If race isn’t handled well here, neither is sexism. Women are just sexed-up victims here; the Count’s first conquests are a bevy of Playboy bunnies staying at his castle for a photo-shoot (that’s 1974 I guess). We see Niven wandering the sex-clubs of Soho where such films as ‘Snow White and the Seven Perverts’ are playing, and the level of humour peaks when Vampira asks Dracula if he ‘wants to see my black bottom?’ Screenwriter Jeremy Lloyd was on more familiar ground with sitcom Are You Being Served? , but when long, contrived comic set-ups end on a zinger like “My dry-ice box is not designed for trembles.’, it feels like Old Dracula has been translated from another language.
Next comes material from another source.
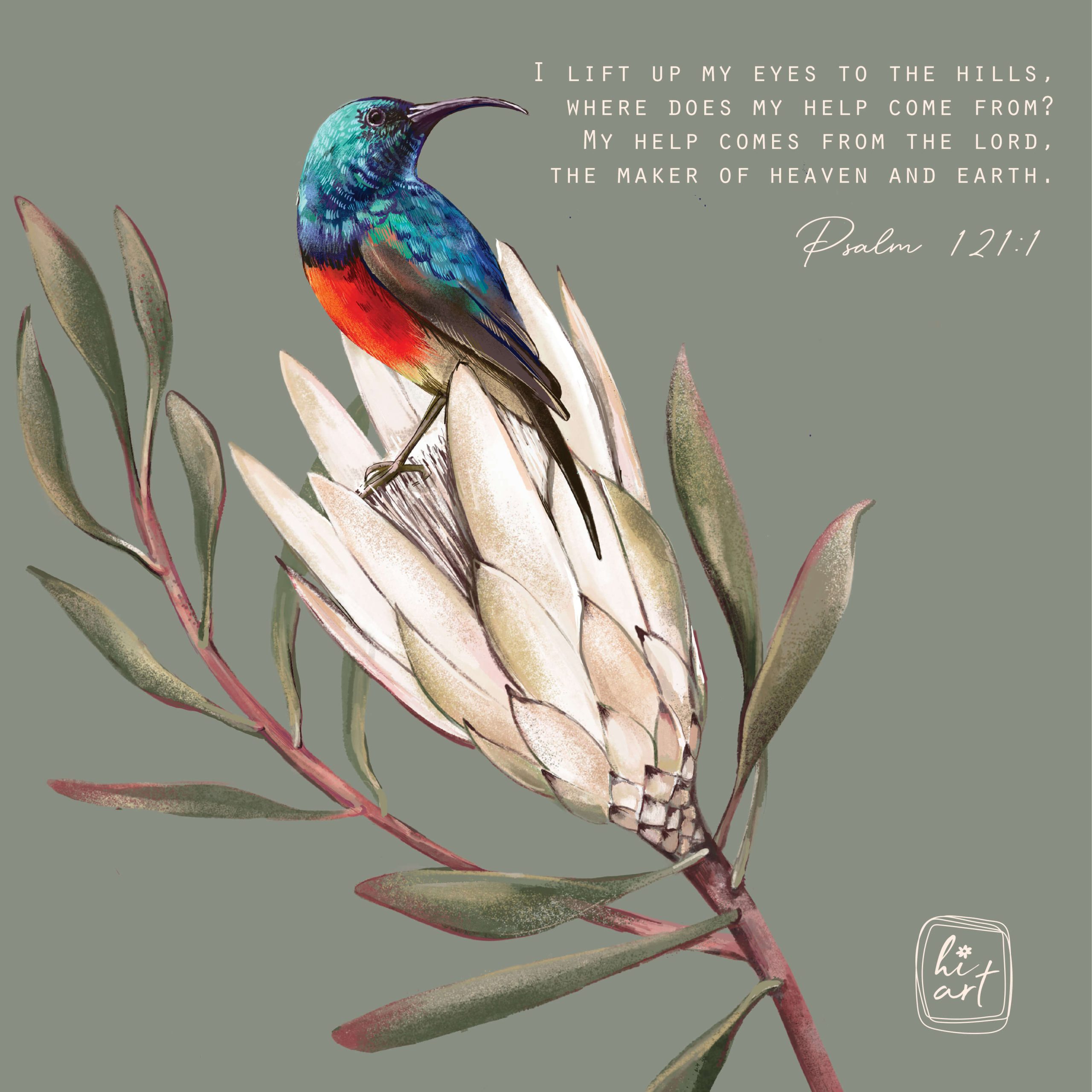 Find strength and help with this protea artwork featuring Psalm 121:1 – “I lift up my eyes to the hills, where does my help come from? My help comes from the Lord, the Maker of heaven and earth.” The elegant protea bloom reminds us to look up to our faithful God in times of need

People say there are no real movie stars anymore, but when you look at the 70’s output of Peter Sellers, Richard Burton or David Niven, it’s clear that movie stars killed the notion of stardom themselves by poor choices. Like Niven’s The Statue, Old Dracula aka Vampira is a terrible, objectionable film that should be, as Paul Newman said in The Towering Inferno, ‘left standing as a monument to bullsh*t’. The final image, of Niven in blackface, should be a warning to the complacent; racial and sexual prejudice is alive and well and living in the entertainment industry, it’s just better hidden now than it used to be. I’m not saying that films like this should be banned, or that they cause racism; they reflect views that were considered mainstream within our lifetimes, and should be called out for their assumptions about their audience.
Can’t believe anyone could come up with such a concept even in the 1970s.
It’s a terrible terrible idea!
Just so you know, comments still can’t be seen when I visit your site directly.
Same here! Hopefully not for long…
Copy that, 10-4, roger…..
Wow. I remember reading a short book by a British comic talking about how so much of the comedy, even in the 70s, was just based on terrible racism, that when you took that crap away from them, they really had nothing! I do like looking at bevies of monster victim babes though . . . soooo. :p
I think even the most dedicated voyeur will feel soiled by watching this putrid effort!
Well…this one sounds like a real gem. Can’t wait to see it…even though he bites off more than he can chew if you believe that tagline😂
Seriously…this sounds absolutely atrocious. You are so right…this does seem like one of the worst concepts ever for a movie. Crazy that films like this even get made. Sorry you had to suffer through this one for us 😔
I did this to myself! I signed up for this! No need for apologies, no-one is to blame but me. But yes, it’s mind-boggling that this was someone’s best idea…maybe it’s me that bit off more than I can chew!